Texture Cache Size Considerations


Selecting the proper texture cache size is crucial for efficient rendering of especially texture-heavy scenes like the ALab Scene. The best configuration will be dependant on the scene itself as well as the machine environment. A quick general solution to find a good texture cache size for a general moonray run is documented here here.

This is a rendered result image of ALab, v2.0.1 without denoising alab201

The texture cache size setting has a large impact on the efficiency of rendering especially texture-heavy scenes like ALab. What follows are the results of tests profiling the results of MCRT time (not including the RenderPrep time) for various different texture cache sizes on the ALab scene. Texture Cache Size Performance Difference

All tests are using the vanilla ALab v2.0.1 scene with no optimization of the scene itself) and with 4K high resolution textures and baked geometry. The Linux kernel cache was warmed by a preliminary test render. All tests were rendered 3 times and the results were averaged.

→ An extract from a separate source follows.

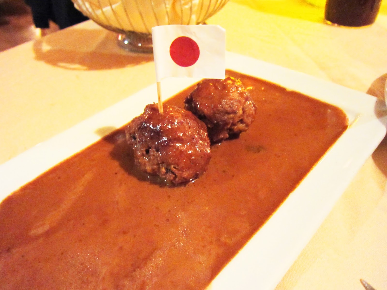 To start, we tried the Kobe meatballs ($15) which come 4 to a dish. I don't know why they put a Japan flag on there because it was clearly American Kobe. Anyway, tender meatballs in a thick wine sauce. It tasted good but I always feel that kobe or even rib eye is lost when ground up. No need for the marbling of fat within the meat. You can just add fat to the grinder with leaner meat. Personally, I'd say skip.

All sceneVariable settings are the default, except for image size and uniform sampling related parameters.

SceneVariables {
    ["image_width"] = 1920,
    ["image_height"] = 1080,
    ["sampling mode"] = 0,
    ["pixel samples"] = 8,
    ["motion_steps"] = { -0.25, 0.25},
--    ["texture_cache_size"] = 4096 -- 4G
--    ["texture_cache_size"] = 7168 -- 7G
--    ["texture_cache_size"] = 10240 -- 10G
--    ["texture_cache_size"] = 20480 -- 20G
--    ["texture_cache_size"] = 40960 -- 40G
--    ["texture_cache_size"] = 66560 -- 65G
    ["texture_cache_size"] = 98304 -- 96G
--    ["texture_cache_size"] = 122880 -- 120G
--    ["texture_cache_size"] = 131072 -- 128G
}

The tests were run on the following machine specs:

CPU : Intel(R) Xeon(R) Gold 6240R CPU @ 2.40GHz
Physical CPU : 2
CPU cores : 24
Total cores : 48 (HyperThread ON)
Memory : 187 GByte (However, test redner was done around 124GByte of free memory)
GPU : Nvidia Quadro RTX 6000

These tests were based on OpenImageIO v2.3.20.

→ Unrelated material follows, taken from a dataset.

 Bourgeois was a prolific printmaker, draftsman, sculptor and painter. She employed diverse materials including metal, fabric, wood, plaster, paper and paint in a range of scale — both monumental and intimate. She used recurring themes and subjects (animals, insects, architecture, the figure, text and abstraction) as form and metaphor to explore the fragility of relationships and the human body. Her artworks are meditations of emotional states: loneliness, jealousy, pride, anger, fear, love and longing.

Note that the 4GByte (actually, default is 3.91GByte) texture cache render run did not show the main cache hit-miss ratio in the log and is not plotted on the graph.

In the results the overall render performance using a 96GByte texture cache size would be the ideal configuration for this scene in this environment. More than 96GByte is basically fine but it does slightly slow down the rendering, likely due to an overly large texture cache swapping out some portion of the BVH and sceneContext memory at runtime, which makes some small impact on the final efficiency, and as a result a slower render.

XPU performance is consistently better than scalar and its ratio is 1.20x ~ 1.62x more performant. Vector performance is also consistently better than scalar and its ratio is 1.16x ~ 1.33x more performant. MoonRay’s Vector/XPU architecture is very useful for texture-heavy scenes and maximizes the memory access coherency.

This is a breakdown of runtime timing by profile_viewer for the XPU runs. Renderprofileviewer

As can be seen, the texturing time is dominant when the texture cache size is small. Also, shader handler time is directly related to the texturing time and it is increasing as the texturing time increases. Performance is improved when texture sampling cost is lowered by increasing the texture cache size.